Si nous convenons que les régimes qui gouvernent en France, en Occident et dans beaucoup de ses colonies et néocolonies, sont vraiment monstrueux, pervers et brutaux, nous devons arriver à la conclusion logique que ce ne sont pas eux qui payeront la note pour de meilleurs soins médicaux, l’éducation, des impôts plus bas et des salaires plus élevés des citoyens français.

Si les demandes des manifestants sont satisfaites, il y aura quelqu’un d’autre qui sera obligé de payer la facture. Il est fort probable que des dizaines de millions, voire des centaines de millions, seront  » taxés « . Et ce ne seront pas des gens qui vivent en France ou dans l’Union européenne, ou même dans les régions voisines.

Les manifestants du Mouvement des Gilets Jaunes y pensent-ils ? Cela leur importe-t-il, ne serait-ce qu’un peu ?

Ce n’était pas le cas dans le passé. Peut-être que lorsque quelques rares personnes comme Jean Paul Sartre étaient encore en vie, ces questions étaient périodiquement posées. Mais pas récemment, ni aujourd’hui. Et pas pendant cette révolte sur les Champs-Élysées.

Les Français se demandent-ils combien de millions de personnes devraient mourir pour améliorer la qualité de vie dans les villes et les provinces françaises ?

Ou peut-être, pour  » compenser « , pour couvrir les dépenses sociales, faudrait-il  » envahir  » un pays ? Serait-ce l’Iran ? Ou peut-être le Venezuela ?
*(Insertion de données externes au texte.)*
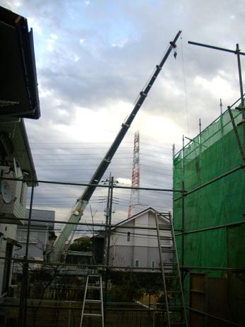 いよいよ建前、狭小な隣地境界の制約上、何と2件もの隣の庭を通過させ構造材を搬入する離れ業です クレーンのアームが見事に2件の上空を通過

Le New York Times, dans l’un de ses articles sur les provinces françaises, mentionnait que des gens se plaignaient de ne plus pouvoir se permettre d’emmener même leur femme au restaurant. C’est vraiment grave, mais cela justifie-t-il une bataille pour l’Iran ou le Venezuela et leur pillage subséquent, ou cela excuse-t-il le massacre de quelques centaines de milliers de nouveaux Papous de la Papouasie Occidentale ?

 

Je suggérerais quelque chose qui aiderait à convaincre les vrais internationalistes, ainsi que tous les citoyens du monde pillé, que le Mouvement des Gilets Jaunes ne se bat pas uniquement pour les avantages qui amélioreraient la vie des citoyens français, aux dépens beaucoup des autres partout dans le monde :

Ils devraient indiquer qu’ils comprennent ; qu’ils ne sont pas indifférents aux autres. Dire clairement qu’ils sont contre le capitalisme et l’impérialisme, contre le colonialisme et le pillage des populations et de leurs ressources dans absolument toutes les parties de notre planète !

Dire qu’ils sont pour la liberté, l’égalité et la fraternité de tous les êtres humains,pas seulement français !

Dire que c’est une vraie révolution, une vraie bataille pour améliorer le monde, pas seulement pour plus d’argent, des impôts moins élevés, et de meilleurs avantages exclusivement pour les personnes vivant en France !

Dire qu’ils n’accepteront jamais d’avantages ni d’argent supplémentaire s’ils provenaient de vols de ce qui restait aux pays pauvres et colonisés.

S’ils disent tout cela, et s’ils démontrent qu’ils le pensent vraiment, alors je crierai Vive la Révolution ! et je les rejoindrai – les manifestants – sans réserve.

Mais jusqu’à ce qu’ils le fassent, jusqu’à ce que je sois convaincu que leur victoire ne nuirait pas à des millions d’autres personnes, je continuerai à être beaucoup plus préoccupé par les peuples du Vietnam et de la Papouasie, par l’Iran, l’Afrique, la Syrie ou le Moyen-Orient, que par le fait qu’une personne vivant en France rurale ne puisse pas inviter sa femme à dîner dans un restaurant.